[[ Material for the task, beginning ]]

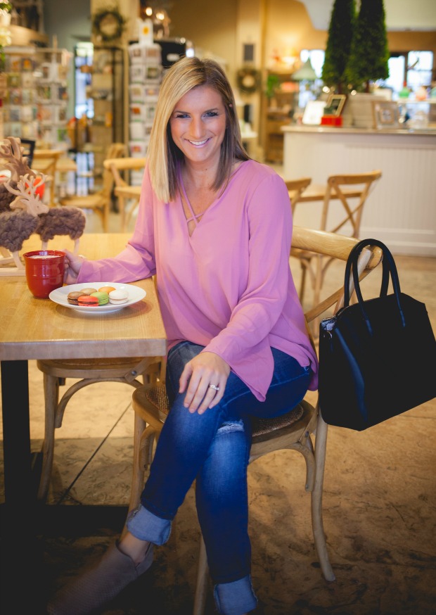 This cross front long sleeve blouse is the perfect go-to shirt for your casual date out or night in at home. I love that it gives a little bit of sex appeal without revealing too much. Leave a little bit of mystery for later ladies 😉 Available in several different color options [the black and white floral is my favorite] and plenty of flow you can dress this up with your favorite black jeans and heels or make things a little less formal with distressed jeans and booties like I did.
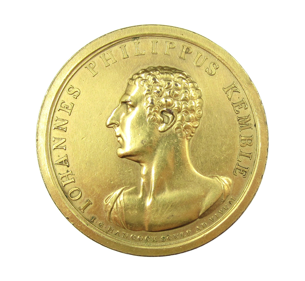 Obverse with bust of Kemble, reverse with legend within wreath, decorated with theatrical masks.
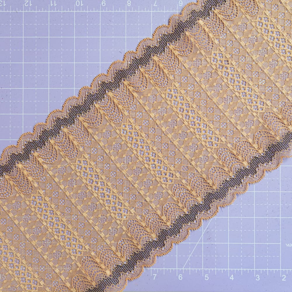 This stretch galloon lace has an elegant geometric design with a scalloped edge that has purple detailing. A blend of nylon and spandex, it is perfect for projects that need a little bit of stretch.
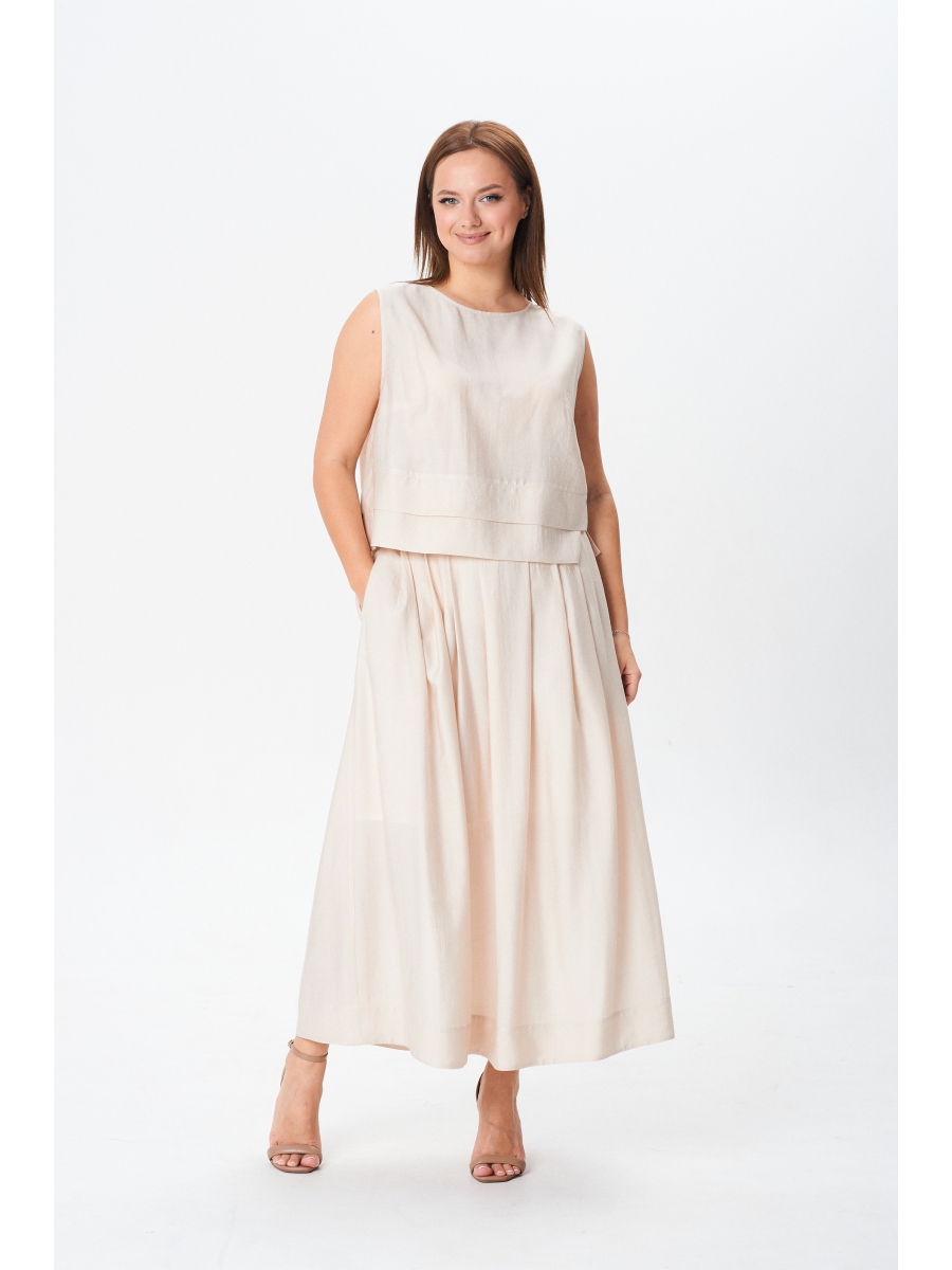 Комплект женский летний состоит из топа и юбки макси, выполнен из однотонной плательно-блузочной ткани.
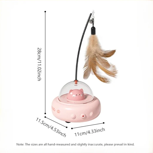 Mantenga a su gato entretenido durante horas con este Teaser Stick automático inteligente!Diseñado con sensores infrarrojos, luces LED de niebla de colores, y un 360° Omniwheel, este juguete imita movimientos parecidos a una presa para despertar el instinto de caza de tu gato.Cargue una vez por 2 horas de juego– ¡perfecto para padres de mascotas ocupados!
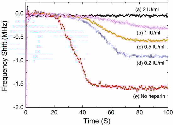 In clinical practice, heparin is a typical anticoagulant drug to treat and prevent blood clots. Heparin binding to thrombin alters the affinity towards fibrinogens, which inhibits the fibrin formation and thus slows down the coagulation process. In this work, the FBAR sensor was used to demonstrate the anticoagulant effect by adding heparin to the blood samples. Figure 9 shows the representative time-dependent resonant frequency profiles for different heparin concentrations. The shapes of the frequency profile were closely dependent on the heparin concentration. In particular, when an excess quantity of anticoagulant was added in the blood sample, no coagulation process was observed during the test time. Based on the fitting Equation (4), the coagulation parameters were obtained from the frequency response as summarized in Table 3. Obviously, the presence of heparin results in lower reaction rates and smaller frequency downshifts because of the inhibiting effect of heparin on the blood coagulation.
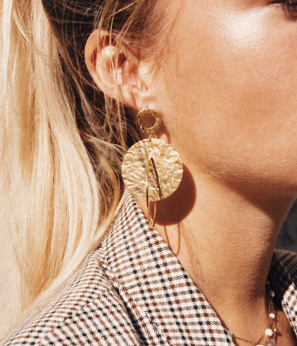 Boucles d’oreilles longues en acier uni ou doré à l’or fin. Deux disques martelés sont attachés à un cercle plus fin et les ronds s’entremêlent pour nous perdre dans cette géométrie défiant les lois de la gravité. Ces boucles captent la lumière et apportent beaucoup d’éclat au visage.
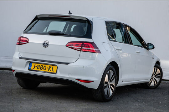 Volkswagen-rijders waarderen hun merk om de degelijkheid van de techniek en de uitmuntende rijkwaliteiten. Een Volkswagen is bovendien comfortabel en ruim, omdat hij altijd is ontworpen met de inzittenden als uitgangspunt. Een e-Golf zoals deze bijvoorbeeld, biedt ruim comfort voor vijf inzittenden. U zult verrast zijn door de power van de elektromotor. En stil! Volkswagen-rijders weten het: een VW is gebouwd voor duurzaamheid. Deze e-Golf is dan ook als nieuw, de onderhoudshistorie is bekend. De verwarmbare voorstoelen zijn een heerlijke extra optie, waarmee u uzelf en uw bijrijder een groot plezier doet. Een ommetje of een lange trip? De comfortstoelen zorgen elke keer voor een goede zithouding! Verder is de Volkswagen uitgerust met: 16 inch lichtmetalen velgen, LED koplampen, warmtewerend glas, dakspoiler, in delen neerklapbare achterbank en LED-achterlichten.
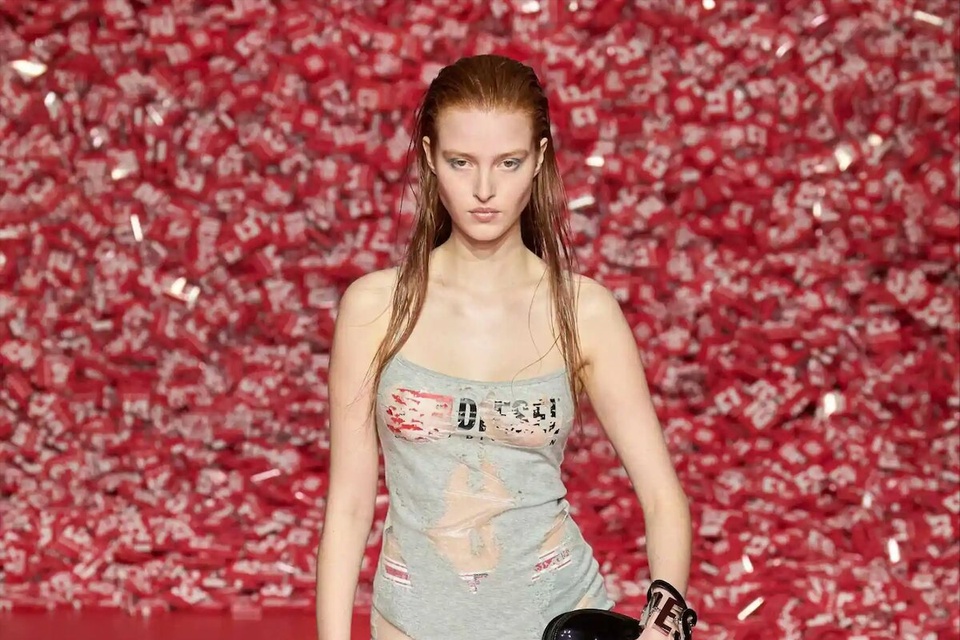 Thương hiệu Diesel gây xôn xao Tuần lễ thời trang Milan 2023 khi trang trí sàn diễn bằng 200.000 hộp bao cao su đỏ, in logo nhãn hàng Durex. Sân khấu đặc biệt này là sản phẩm của Giám đốc sáng tạo Glenn Martens.
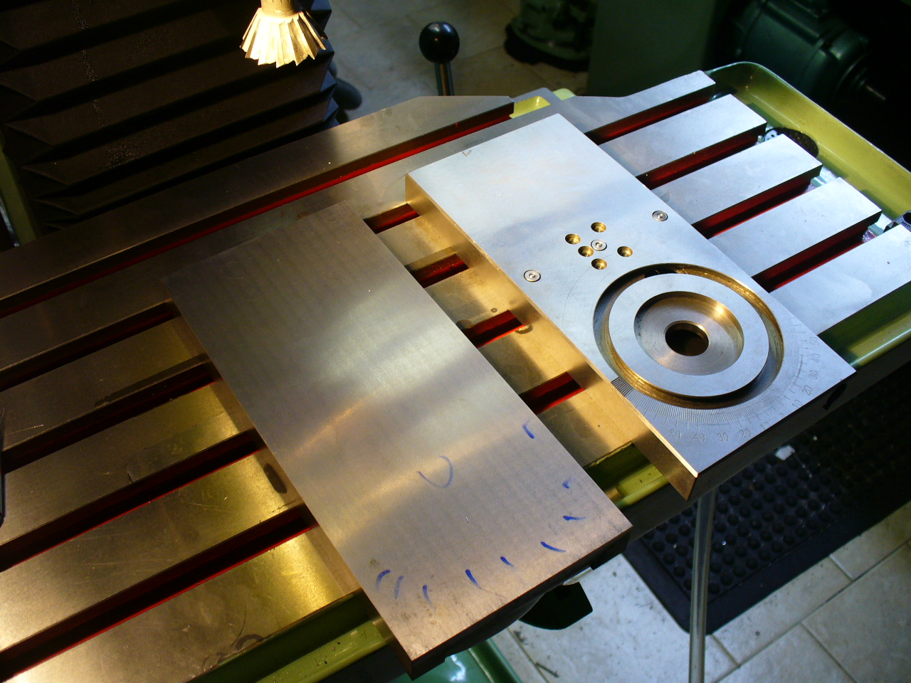 Minulý týden jsem vyráběl vrchní část příčného suportu na MN80, součástí je i stupnice a čísla na úhelníku a to už se na tom gravographu dělá věru blbě
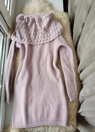 Женское теплое платье нежно-розового цвета Размер С Длина 71,5 см Ог 38 см тянется до 48 см Полуобхват Бедра 37 мы тянется до 51 см Рукав 65,5 см 🩷Нюанс маленькая дирочка с одной стороны виден на фото, но это можно справить под петлю,стан очень добрый
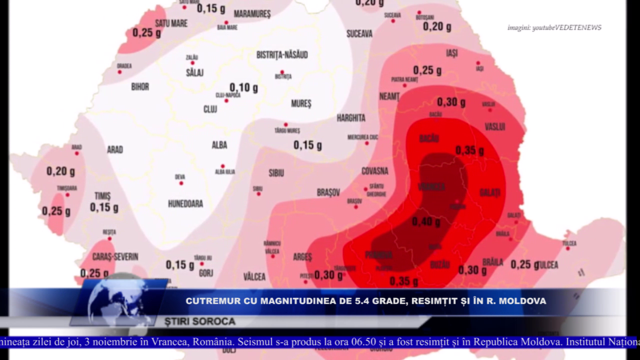 Un cutremur cu magnitudinea de 5.4 grade a fost înregistrat în dimineața zilei de joi, 3 noiembrie în Vrancea, România. Seismul s-a produs la ora 06.50 și a fost resimțit și în Republica Moldova.
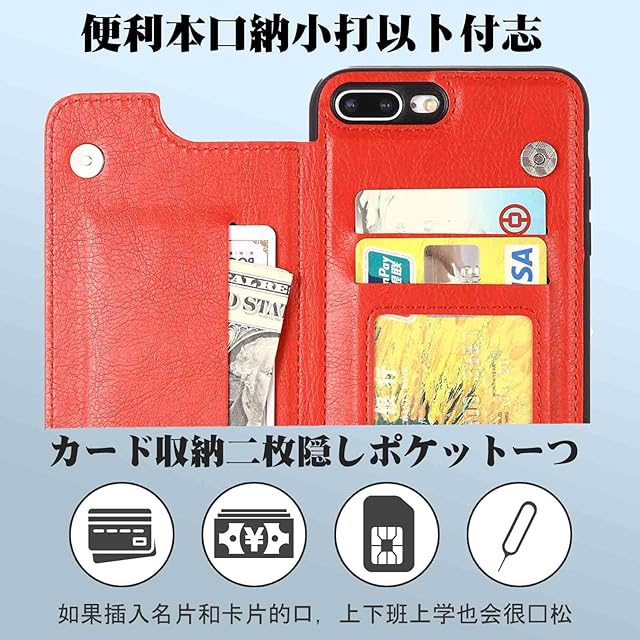 【Aqier】For iPhone 8 plus/Apple iPhone 7 plus ケース 背面手帳型 軽い薄い 純色 レザーケース(レッド)アイフォン 8プラス アイフォン7プラス ケースカード入れ 片手操作 バックカバー アップル アイフォン7p 赤色
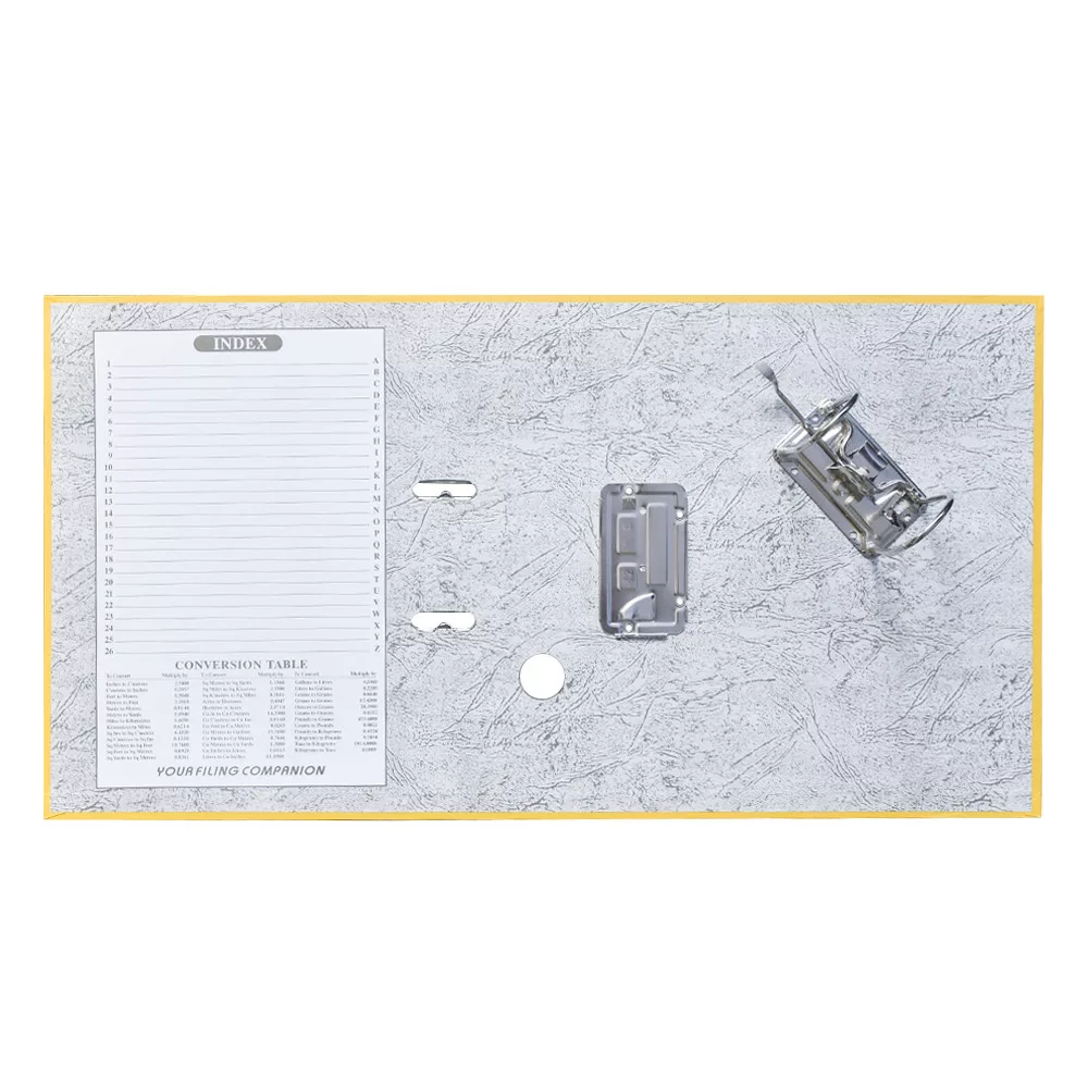 Emelőkaros iratrendező általános használatra. Kívül PP, belül fehér karton borítással, kihúzólyukkal. Cserélhető gerinccímke a feliratozáshoz. Tárolókapacitás 350 lap (A4 80gr.). A terméket lapra szerelve szállítjuk, a mellékelt emelőkaros szerkezet bepattintása gyors és egyszerű, 5 másodperc alatt elvégezhető és iratrendezőnk máris használatra kész! Katalóguskód: 12058
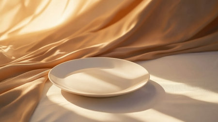 A simple white plate rests on smooth, draped fabric, illuminated by soft light, creating a serene and inviting atmosphere perfect for culinary or artistic presentations.
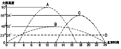 2、综合题 下列A、B、C、D四条曲线表示不同纬度在6月22日的太阳高度日变化,读图回答相关问题。(26分)
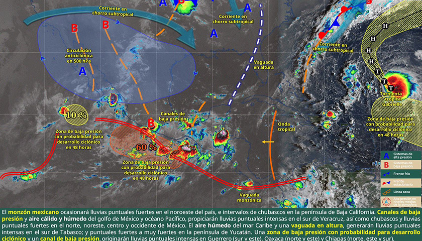 Lo anterior, debido a una zona de baja presión con alta probabilidad de desarrollo ciclónico frente a la costa de Guerrero, inmersa en la vaguada monzónica que seguirá impulsando un fuerte flujo de humedad hacia el interior de la entidad.

[[ Material for the task, end ]]

● **Problem to work on**
Please write the material out again exactly as shown above, minus any pictures.

● **Your response**
 This cross front long sleeve blouse is the perfect go-to shirt for your casual date out or night in at home. I love that it gives a little bit of sex appeal without revealing too much. Leave a little bit of mystery for later ladies 😉 Available in several different color options [the black and white floral is my favorite] and plenty of flow you can dress this up with your favorite black jeans and heels or make things a little less formal with distressed jeans and booties like I did.
 Obverse with bust of Kemble, reverse with legend within wreath, decorated with theatrical masks.
 This stretch galloon lace has an elegant geometric design with a scalloped edge that has purple detailing. A blend of nylon and spandex, it is perfect for projects that need a little bit of stretch.
 Комплект женский летний состоит из топа и юбки макси, выполнен из однотонной плательно-блузочной ткани.
 Mantenga a su gato entretenido durante horas con este Teaser Stick automático inteligente!Diseñado con sensores infrarrojos, luces LED de niebla de colores, y un 360° Omniwheel, este juguete imita movimientos parecidos a una presa para despertar el instinto de caza de tu gato.Cargue una vez por 2 horas de juego– ¡perfecto para padres de mascotas ocupados!
 In clinical practice, heparin is a typical anticoagulant drug to treat and prevent blood clots. Heparin binding to thrombin alters the affinity towards fibrinogens, which inhibits the fibrin formation and thus slows down the coagulation process. In this work, the FBAR sensor was used to demonstrate the anticoagulant effect by adding heparin to the blood samples. Figure 9 shows the representative time-dependent resonant frequency profiles for different heparin concentrations. The shapes of the frequency profile were closely dependent on the heparin concentration. In particular, when an excess quantity of anticoagulant was added in the blood sample, no coagulation process was observed during the test time. Based on the fitting Equation (4), the coagulation parameters were obtained from the frequency response as summarized in Table 3. Obviously, the presence of heparin results in lower reaction rates and smaller frequency downshifts because of the inhibiting effect of heparin on the blood coagulation.
 Boucles d’oreilles longues en acier uni ou doré à l’or fin. Deux disques martelés sont attachés à un cercle plus fin et les ronds s’entremêlent pour nous perdre dans cette géométrie défiant les lois de la gravité. Ces boucles captent la lumière et apportent beaucoup d’éclat au visage.
 Volkswagen-rijders waarderen hun merk om de degelijkheid van de techniek en de uitmuntende rijkwaliteiten. Een Volkswagen is bovendien comfortabel en ruim, omdat hij altijd is ontworpen met de inzittenden als uitgangspunt. Een e-Golf zoals deze bijvoorbeeld, biedt ruim comfort voor vijf inzittenden. U zult verrast zijn door de power van de elektromotor. En stil! Volkswagen-rijders weten het: een VW is gebouwd voor duurzaamheid. Deze e-Golf is dan ook als nieuw, de onderhoudshistorie is bekend. De verwarmbare voorstoelen zijn een heerlijke extra optie, waarmee u uzelf en uw bijrijder een groot plezier doet. Een ommetje of een lange trip? De comfortstoelen zorgen elke keer voor een goede zithouding! Verder is de Volkswagen uitgerust met: 16 inch lichtmetalen velgen, LED koplampen, warmtewerend glas, dakspoiler, in delen neerklapbare achterbank en LED-achterlichten.
 Thương hiệu Diesel gây xôn xao Tuần lễ thời trang Milan 2023 khi trang trí sàn diễn bằng 200.000 hộp bao cao su đỏ, in logo nhãn hàng Durex. Sân khấu đặc biệt này là sản phẩm của Giám đốc sáng tạo Glenn Martens.
 Minulý týden jsem vyráběl vrchní část příčného suportu na MN80, součástí je i stupnice a čísla na úhelníku a to už se na tom gravographu dělá věru blbě
 Женское теплое платье нежно-розового цвета Размер С Длина 71,5 см Ог 38 см тянется до 48 см Полуобхват Бедра 37 мы тянется до 51 см Рукав 65,5 см 🩷Нюанс маленькая дирочка с одной стороны виден на фото, но это можно справить под петлю,стан очень добрый
 Un cutremur cu magnitudinea de 5.4 grade a fost înregistrat în dimineața zilei de joi, 3 noiembrie în Vrancea, România. Seismul s-a produs la ora 06.50 și a fost resimțit și în Republica Moldova.
 【Aqier】For iPhone 8 plus/Apple iPhone 7 plus ケース 背面手帳型 軽い薄い 純色 レザーケース(レッド)アイフォン 8プラス アイフォン7プラス ケースカード入れ 片手操作 バックカバー アップル アイフォン7p 赤色
 Emelőkaros iratrendező általános használatra. Kívül PP, belül fehér karton borítással, kihúzólyukkal. Cserélhető gerinccímke a feliratozáshoz. Tárolókapacitás 350 lap (A4 80gr.). A terméket lapra szerelve szállítjuk, a mellékelt emelőkaros szerkezet bepattintása gyors és egyszerű, 5 másodperc alatt elvégezhető és iratrendezőnk máris használatra kész! Katalóguskód: 12058
 A simple white plate rests on smooth, draped fabric, illuminated by soft light, creating a serene and inviting atmosphere perfect for culinary or artistic presentations.
 2、综合题 下列A、B、C、D四条曲线表示不同纬度在6月22日的太阳高度日变化,读图回答相关问题。(26分)
 Lo anterior, debido a una zona de baja presión con alta probabilidad de desarrollo ciclónico frente a la costa de Guerrero, inmersa en la vaguada monzónica que seguirá impulsando un fuerte flujo de humedad hacia el interior de la entidad.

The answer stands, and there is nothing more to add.